Discussion in 'LGBT Later in Life' started by clovis, Nov 4, 2014.

  1. clovis

    Full Member

    Joined:
    Sep 22, 2014
    Messages:
    98
    Likes Received:
    1
    Location:
    Ontario Canada
    Hey all

    So its now been about 6 weeks since I came out to my wife of 18 years... its been a roller coaster since. We have 2 girls 12 and 14, who know nothing of the situation.

    I have been seeing a counsellor as has she. We have been talking fairly regularly about if we are going to stay in the marriage... and me just not act on my feelings... or rather 'stay in the closet' or if we will separate.

    She has left the decision with me.
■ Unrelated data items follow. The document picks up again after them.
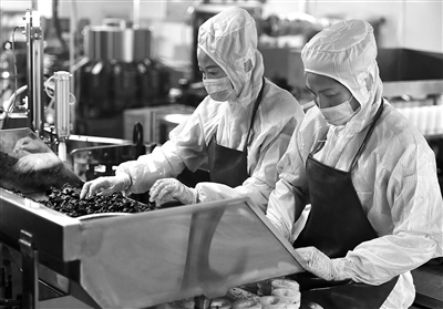 日前,浙江田歌实业有限公司的员工在生产线上加班加点生产便携式食品,以丰富市民菜篮子。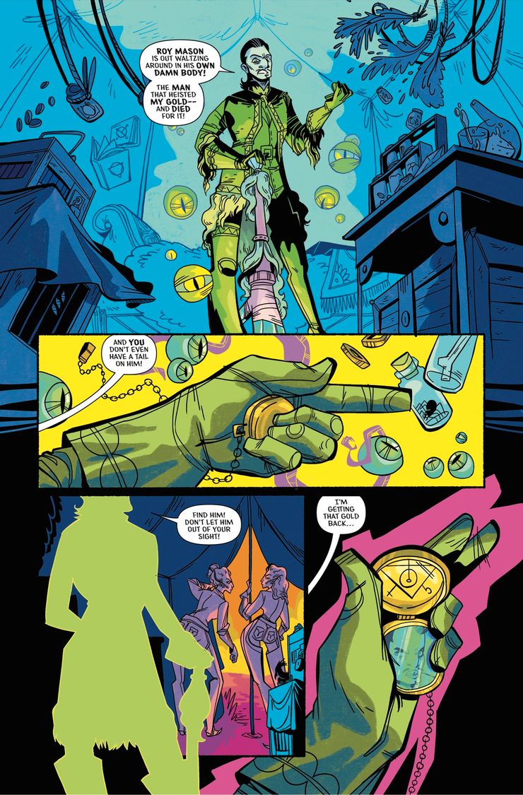 Encadenado a la tumba de IDW combina arte vibrante con terror y elementos occidentales en una mezcla inesperada, como se ve arriba. Roy pudo haber pensado que sus problemas estaban en su punto más alto justo antes de morir, pero parece que apenas están comenzando. El héroe que porta lápidas tiene mucho con lo que lidiar y un enemigo claramente peligroso en su camino. Big Bad es un hechicero carismático y malvado y, a diferencia de Roy, el espejo de bolsillo del villano de esta serie de IDW no es un cronómetro de bolsillo que contiene una foto para recordar a un ser querido; solo busca su propio beneficio. Los fanáticos de los cómics que buscan una nueva versión de los clásicos del oeste pueden leer la historia en su totalidad cuando IDW lanzamientos Encadenado a la tumba: Colección el 7 de diciembre.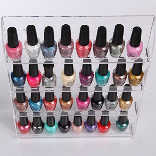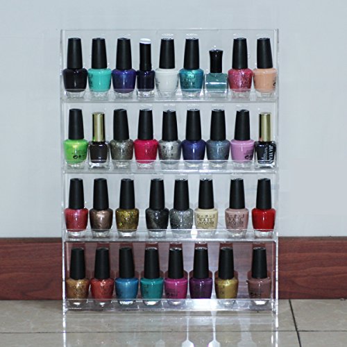SPACE SAVER: The nail polish holder rack has 4 shelves with a lip in the front so that your stuff will not fall of. With 12 inches length it fits approx 8-9 standard size bottles each shelf (according to bottles sizes), total fits 32-36 Bottles, makes your drawer and linen closet less cluttered.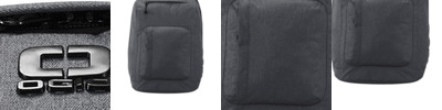 600D poly canvas (solid); 600D heather poly (heather) Main compartment with padded laptop panel Interior organization pockets Front zippered pocket Exterior side pocket Padded air mesh shoulder straps Luggage trolley pass through on back Laptop sleeve dimensions: 11.5'h x 12'w x 1'd; fits most 15' laptops Dimensions: 17.75'h x 12.25'w x 5.5'd; Approx. 1,196 cubic inches Note: Bags not intended for use by children 12 and under.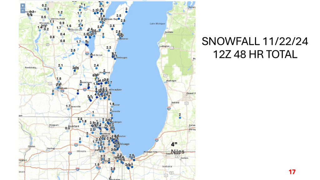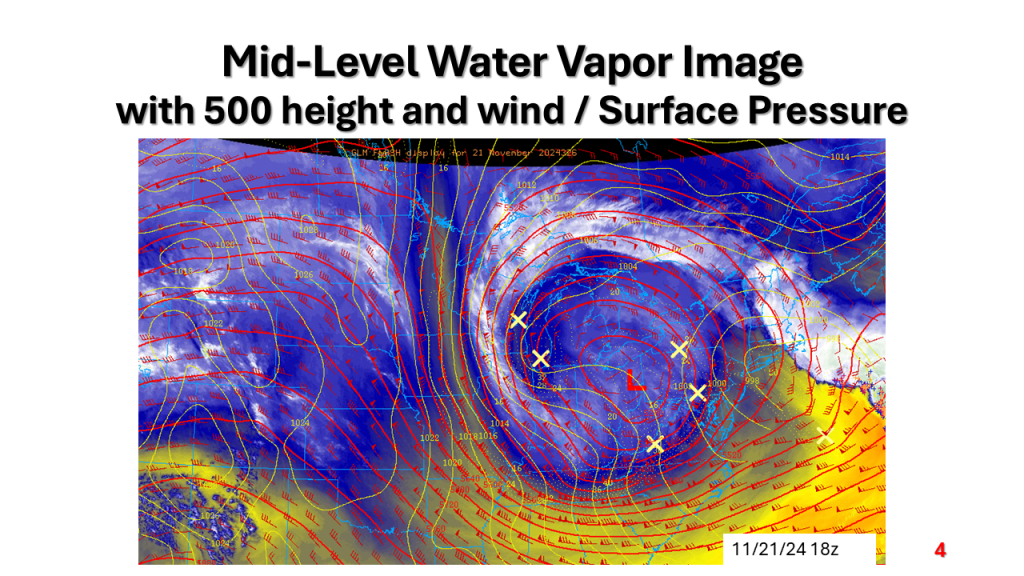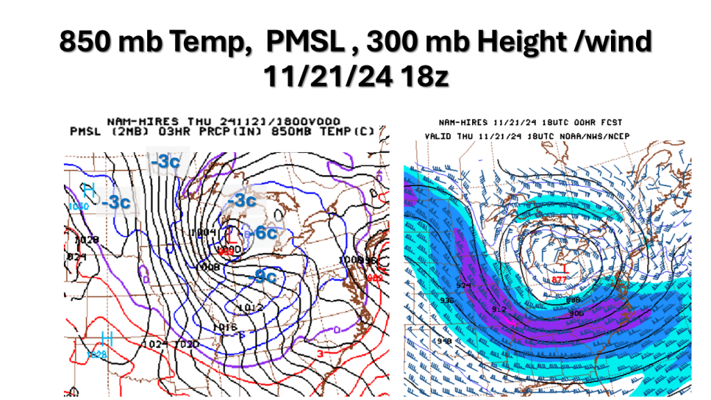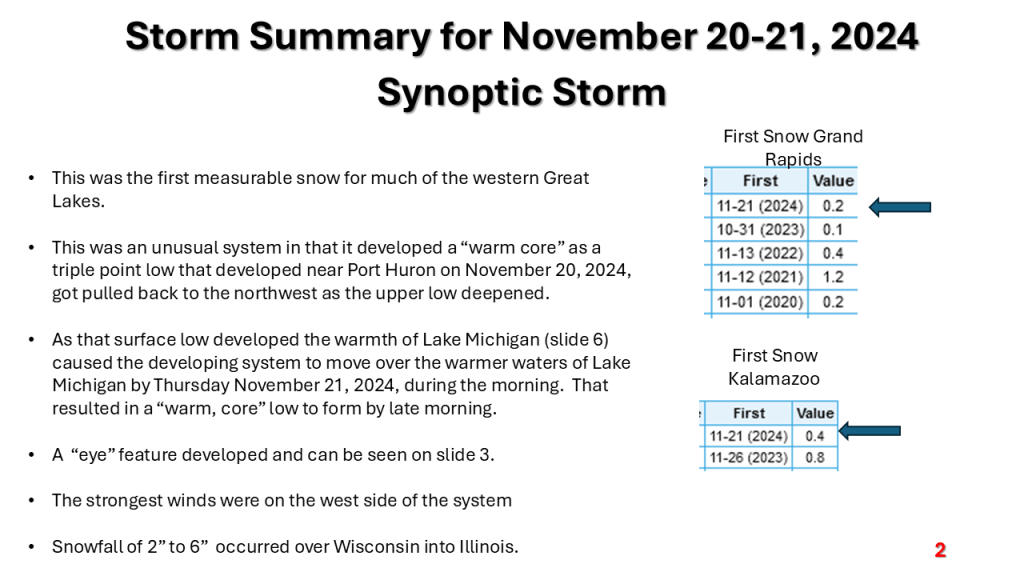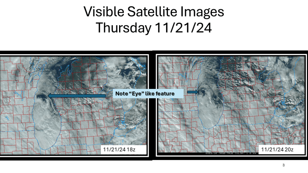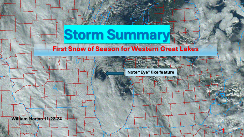 A strong November storm system brought the first snow of the season to parts of the western Great Lakes. Due to the warmth of Lake Michigan and that the surface low moved over Lake Michigan it developed an “Eye” like feature during the afternoon of Thursday, November 21, 2024.

Which I agreed was fair, she didn't ask for this and so I don't thing I have any right to ask her to make this sort of decision.

    A little of the story... She is Christian, thinks that I can be 'fixed' however accepts the fact that I feel this way (I haven't cheated) She thinks that I can just keep my feelings to myself and we can carry on. I am not sure that I can do this for the rest of my life.

    My issue is... I cannot make a decision about what to do. I have read so many threads on here that make it very clear what I should do... and honestly I think I know what I need to do, but I am confused. On one hand, I want to live authentically to myself, and he fulfilled in life. On the other hand, I love her! Not so sure I am 'In Love' anymore, but I don't want to screw up my kids, or break up the family! One minute I think ill leave... then I think NO... I will stay... then my mind starts another thought and I am back to leaving...

    Pretty soon I am going to have to be admitted as I cannot sleep, I cant work.. its all consuming... and I know its the same for her. I need to piss or get off the pot so to speak.

    Any help or advice you can give is appreciated.
     
  2. lb41974

    lb41974 Guest

    Joined:
    Sep 20, 2014
    Messages:
    739
    Likes Received:
    0
    Location:
    USA
    Gender:
    Male
    Sexual Orientation:
    Gay
    Out Status:
    A few people
    Clovis , my friend I feel your pain trust me I do we have almost the exact same problem two kids married 20 years one child is a step child .I am going to my first therapist session tomorrow and I am scared to death that he will say that I need to grow up and forget my feelings about men and stay with my wife and kids . I have finally admitted that I love my wife I am not in love with her tho. I also feel that I need to share something with you that a very very good friend told me . He said stop worrying about others and worry about making your self happy all else will fall into place let think who said this umm U know I think his name was CLOVIS !! I am here for you buddy you know that you can tell me anything you are my best friend and I love you as such . I really want to help you like you have helped me
     
  3. Chip

    Board Member Admin Team Advisor Full Member

    Joined:
    May 9, 2008
    Messages:
    16,560
    Likes Received:
    4,757
    Location:
    northern CA
    Gender:
    Male
    Gender Pronoun:
    He
    Sexual Orientation:
    Gay
    Out Status:
    Out to everyone
    This isn't a decision anyone else can make for you. Each person's situation and circumstances are different.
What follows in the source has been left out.